Hay largas pausas entre la publicación de cada libro suyo. ¿Qué papel juega el silencio en su poesía?
—El silencio es desintoxicador. Ayuda a neutralizar el carácter adictivo que tiene la literatura. Lo ficticio me parece muy evasivo; hace olvidar que el arte tiene como objetivo hacernos redescubrir la realidad y no escaparnos de ella.

No le resulta paradójico advertir, a través de un poema, lo intoxicante que puede ser la literatura?
—Bueno, parte de esa crisis esta expresada en mi libro Virus, donde muestro cómo la escritura se convierte en una nueva adicción. Eso conduce a ciertos callejones sin salida que, para mi, están representados por Enrique Lihn y Rodrigo Lira. Es decir, en una escritura que gira sobre si misma, sin remontar ese horizonte cerrado. Yo creo que a partir de Raúl Zurita se produce un cambio. También Juan Luis Martínez, pero sobre todo Zurita es fundamental en este aspecto, al aportar una nueva sacralización del acto de escribir.

¿Qué tipo de poesía está escribiendo últimamente?
—Estoy terminando Objeto de meditación, un libro que retorna aun más lo experimental. Yo creo que la urgencia política de los últimos años impidió que me dedicara por entero a la investigación estética pura. Actualmente creo que, libre de este imperativo, puedo volver a una exploración más filosófica, que es lo que me interesa hoy. Ya no me importa tanto la forma, sino el arte ligado a lo espiritual y la exploración interna.
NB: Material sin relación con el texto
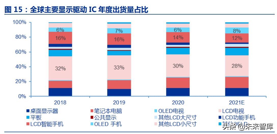 1.显示驱动芯片市场概况显示面板是手机、电视、平板电脑、笔记本电脑、安防监控设备、车载显示屏等设备必不可少的组成部件。
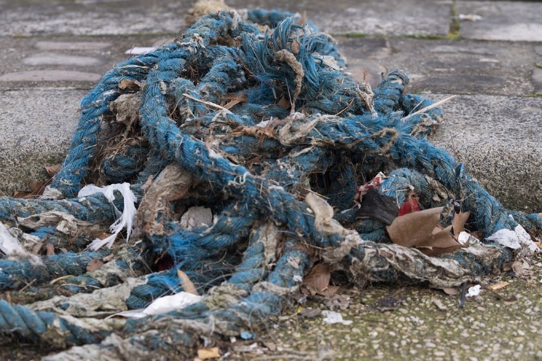 當(dāng)?shù)貢r間2024年2月14日,法國巴黎,塞納河岸邊被丟棄的繩子和垃圾。
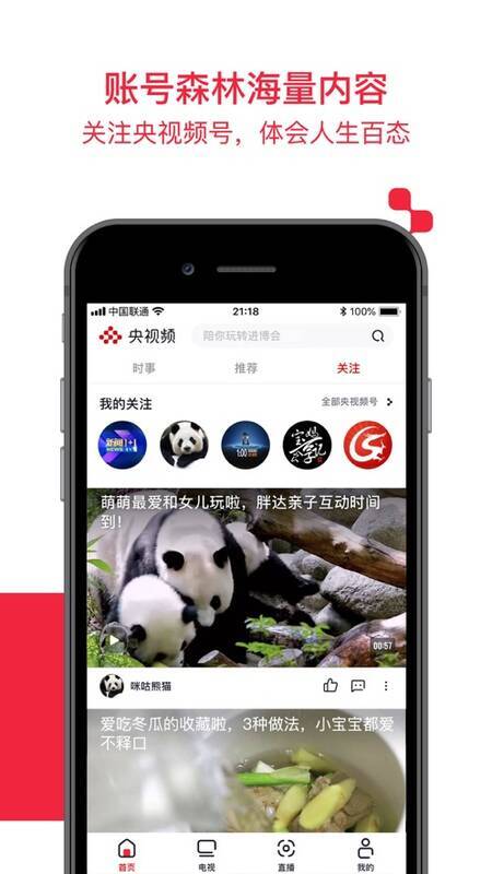 在央视频,用户不仅能看到权威的时事内容,还能欣赏到“泛文体、泛资讯、泛知识”等多元化的精彩视频;这里既有轻松好玩的文娱、动漫、影视等内容,也有知名主播、记者、编导等总台“名人”创作的独家视频;它不仅聚合了《动物世界》《天下足球》《航拍中国》《舌尖》等数不清的新老热播节目,还汇聚了央视及各地方卫视三十余个频道的电视节目直播,更有丰富的赛事和热点事件的实况报道。
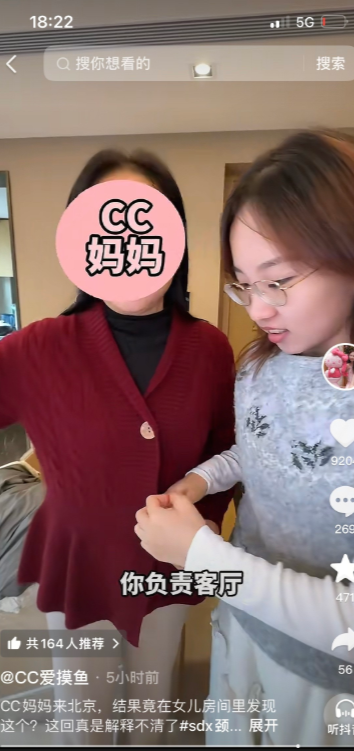 cc在直播间口吐狂言,惹得她妈妈一句话,赶紧闭嘴吧!虽然cc吓的不敢再说,这不,这还没完,cc妈妈直接“杀”到北京,要来问罪了吗? Cc新租两居室,还在直播间说只要两人感情到位,奔着结婚去的可以同居,cc妈妈直接让她弟弟搬来居住,看来这是真的防着凯哥的! 说实话,cc妈妈不愧是当老师的,分配工作杠杠的,还收拾到了一件男士内裤,这不,顶锅哥上线了,原来是从小一直就为姐姐顶锅啊!

¿Por qué esa aprensión frente a lo formal?
—En estos momentos siento una gran desconfianza hacia el arte contemporáneo. Se supone que debe hacer la realidad más soportable y en cambio refleja demasiado la crisis espiritual del hombre moderno, con toda su desesperanza y escepticismo. Objeto de meditación es una lucha por tratar de ser optimista. No es que me niegue a lo horrible de la existencia, algo que yo mismo he denunciado antes, pero creo que también existe el smilling side of street (el lado sonriente de la calle). Pienso que si voy a escribir algo, ojalá sea para dar alivio a la gente; no quiero añadir más negrura. En esta elección de sombra o luz, se sabrá si uno se ha quedado en el siglo XX o está en el XXI.